Highlights from DC’s ‘Backstage at the USO’ Show

By Katie Lange

Being stationed in the Washington, D.C., area has its perks, especially when the USO comes to town.

Actor Wilmer Valderrama hosts Backstage at the USO in Washington, D.C. DOD photo by Katie Lange

The USO took over The Wharf along D.C.’s waterfront Nov. 14, 2019, to host a show while hundreds of people passing by filled care packages with candy, toiletries and other goods to ship to troops serving overseas. A band entertained the crowd, UFC superstar Julianna Pena mingled, and various contests kept the public’s attention focused on the event and not the unseasonably cold temperatures.

After that, about 1,000 service members and their families filtered into the music venue The Anthem for the Backstage at the USO show, featuring entertainment from actor and longtime USO showman Wilmer Valderama, comedienne Paula Poundstone and country music star Brantley Gilbert.

Valderrama kicked off the night by shouting out all of the services one by one, with the most rousing response coming from the Marine Corps contingency. Valderrama also joked about shouting out the military’s soon-to-be sixth branch, the Space Force.

Actor Wilmer Valderrama kicks off the Backstage at the USO show. DOD photo by Katie Lange

Valderrama started entertaining troops nearly two decades ago after meeting some service members in an airport who told him they passed “That 70’s Show” DVDs around to get through deployment (Valderrama played the loveable character Fez). He joined a USO tour the next week and has been doing it ever since.

“It’s honestly the proudest work I’ve ever done. To be able to thank you for the fact that my family can wake up to the American dream is literally the least contribution that we as entertainers can do,” he said.  

During Thursday’s show, Valderrama introduced Army Command Sgt. Maj. Christopher Kepner, the senior enlisted advisor to the National Guard Bureau chief; Gen. James C. McConville, chief of staff of the Army; and Marine Corps Commandant Gen. David H. Berger also took the stage to greet service men and women.

Marine Corps Commandant Gen. David H. Berger pumps up the crowd with a quick message during the Backstage at the USO show. DOD photo by Katie Lange

Retired Gen. George Casey Jr., the 36th Army chief of staff, came on stage to explain just how integral the USO has been for troops over the past several decades. He and USO creator Bob Hope’s daughter, Linda Hope, gave out the first Bob Hope Legacy Award. It went to famed actress and singer Ann-Margret, who got flustered by the crowd’s enthusiasm for her, despite having entertained troops at USO shows for 60 years.
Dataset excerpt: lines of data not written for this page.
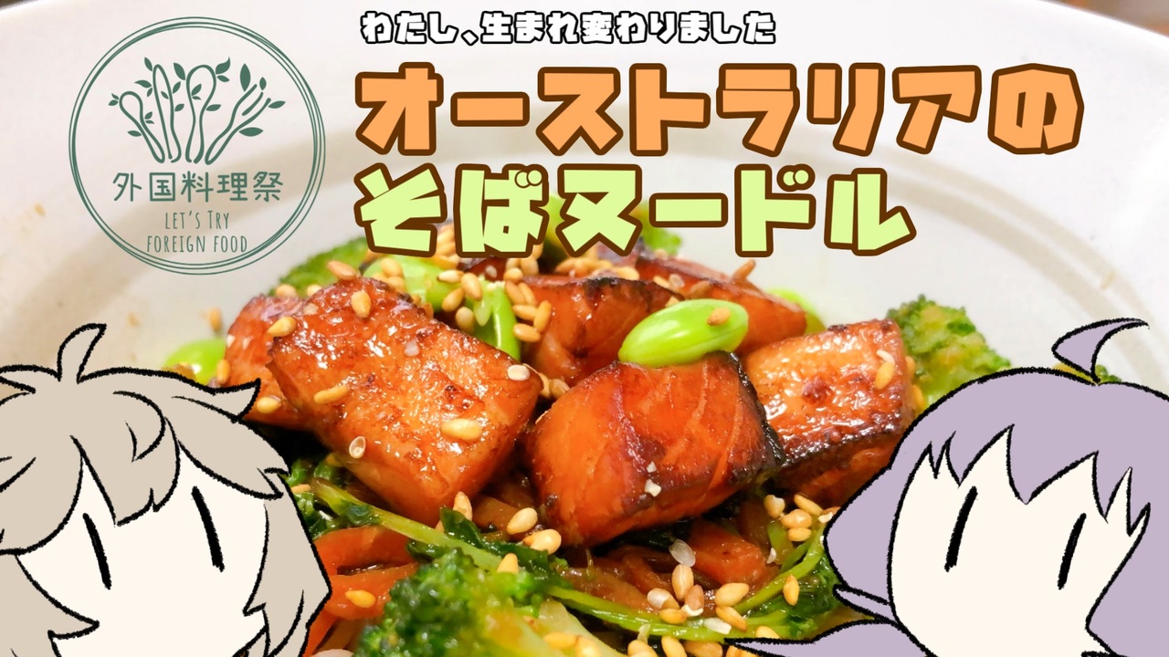 とりあえずテリヤキソースかけておけば日本食という精神、嫌いじゃない<br><br>料理名:テリヤキサーモン蕎麦<br>発祥場所:オーストラリア(?)<br><span style="font-size: 10px;">(同国で似たようなレシピを複数見つけたので、創作料理ではないハズ…)</span><br><br>◆外国料理祭を開催しましょ!(えいぼん!様):<a href="https://www.nicovideo.jp/watch/sm41455782" class="watch">sm41455782</a><br><br>次回:発酵鍋(<a href="https://www.nicovideo.jp/watch/sm43382906" class="watch">sm43382906</a>)<br>前回:コーヒー漬けサーモン(<a href="https://www.nicovideo.jp/watch/sm41052408" class="watch">sm41052408</a>)<br><br><br>(23/1/26 追記)<br>コメント:ラル飯マトリョーシカバーガーお願いします<br> リクエストありがとうございます!<br> やりたいネタではあるのですが、編集スケジュールと投稿祭の準備の関係で<br> 実現は4月以降になるかと思います。申し訳ない。<br><br />==============================================================<br>・キッチン動画<br> ゆかりさんと料理の時間(いつもの):<a href="https://www.nicovideo.jp/series/230101" target="_blank" rel="noopener">series/230101</a><br> ツムギ・イン・サイタマ(不定期):<a href="https://www.nicovideo.jp/series/302303" target="_blank" rel="noopener">series/302303</a><br> 単発(不定期):<a href="https://www.nicovideo.jp/series/323876" target="_blank" rel="noopener">series/323876</a><br><br>・ゲーム実況<br> ジェイル・ハウス・ロック [Back to the Dawn]:<a href="https://www.nicovideo.jp/series/449219" target="_blank" rel="noopener">series/449219</a><br><br>・その他<br> <a href="https://www.nicovideo.jp/series/343714" target="_blank" rel="noopener">series/343714</a><br><br>開催済みの投稿祭:「あなたのトースト教えてくだ祭」<br> 参加動画まとめ:<a href="https://www.nicovideo.jp/mylist/74853270" target="_blank" rel="noopener">mylist/74853270</a><br> 追走ツイートまとめ(2023年6月7日完走):<a href="https://togetter.com/li/2116020" target="_blank" rel="noopener nofollow">https://togetter.com/li/2116020</a><br><br>X(twitter)はじめてみました:<a href="https://twitter.com/72965Ando" target="_blank" rel="noopener nofollow">https://twitter.com/72965Ando</a>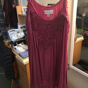 Pink spaghetti strap tank with design on front; worn once; great condition and very soft.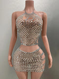 Costume deux pièces sexy transparent pour femme, mini-robe fourreau avec cristaux brillants et diamants argentés, idéal pour une fête d'anniversaire ou une performance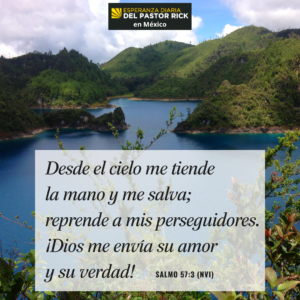 “Desde el cielo me tiende la mano y me salva; reprende a mis perseguidores. ¡Dios me envía su amor y su verdad!”. Salmo 57:3 (NVI)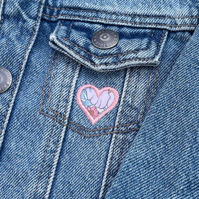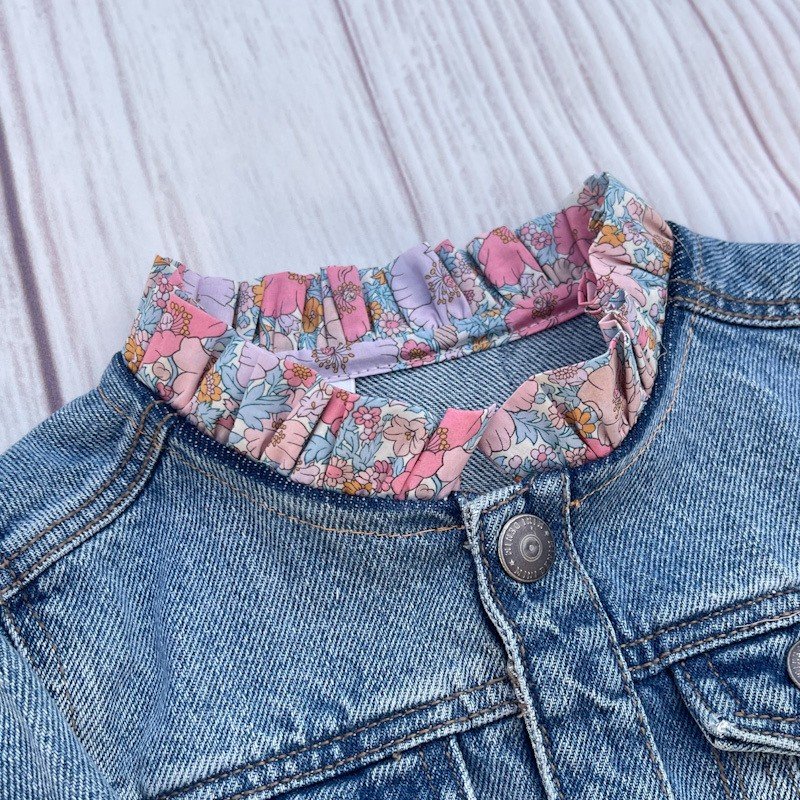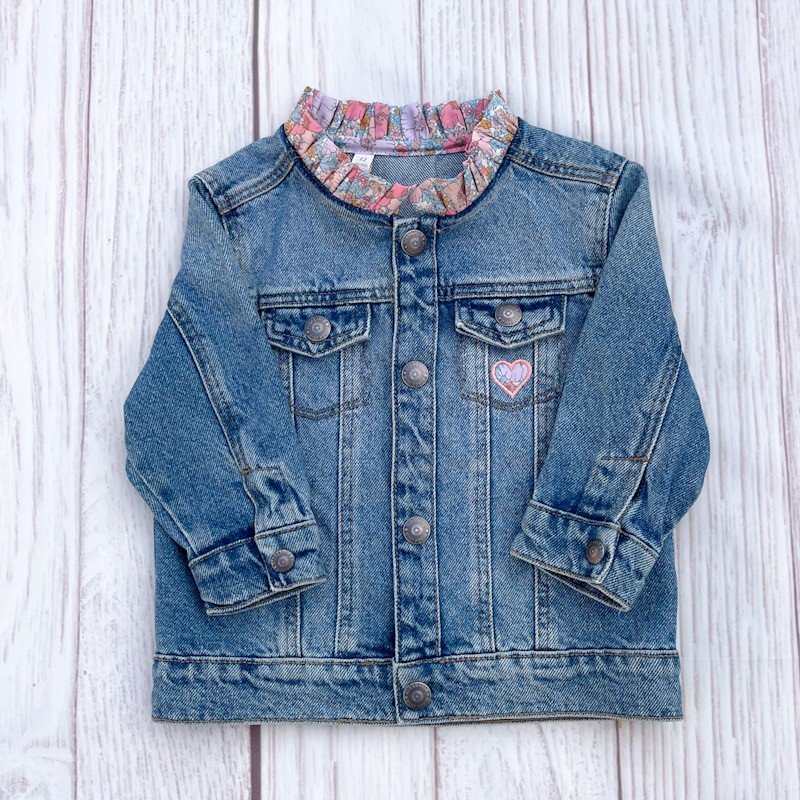 Ajout d'un col victorien en Liberty of London et broderie d'un coeur sur la poche avant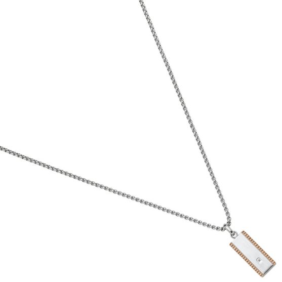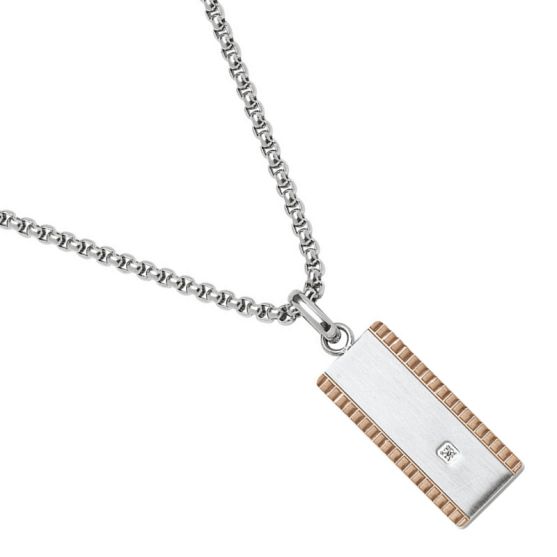 Collier acier Jourdan. Ce collier Jourdan en acier, se pare d'une plaque en acier orné de PVD brun et serti d'un diamant synthétique sur une chaine maille jaseron.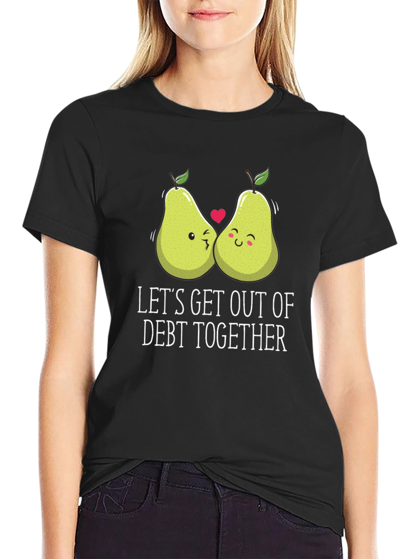 Show your commitment to financial freedom with this adorable black T-shirt! Featuring two cartoon pears in love, with the message 'LET'S GET OUT OF DEBT TOGETHER' printed in a crisp white font. This tee is perfect for couples or individuals who are tackling debt and want to show their solidarity. The soft fabric and classic fit make it a comfortable choice for everyday wear, while the playful design adds a touch of humor to a serious topic. Wear it to your next financial planning meeting, on a date night, or while you're working on your budget. Spread positivity while working towards your financial goals!

Retired Gen. George Casey Jr., the 36th Army chief of staff, stands by as actress Ann-Margret accepts the first Bob Hope Legacy Award. DOD photo by Katie Lange

Poundstone performed next, and she got the crowd laughing. She questioned several service members in the crowd, chatting with them and pointing out her lack of military knowledge.

Comedienne Paula Poundstone chats with the crowd at the USO show about her military inexperience. DOD photo by Katie Lange

“Bombs?! You do bombs?” she asked one service member after the crowd had to dumb down for her what an explosive ordnance disposal technician did. She then asked a Navy diver if he practiced for work by diving for toys in the bathtub.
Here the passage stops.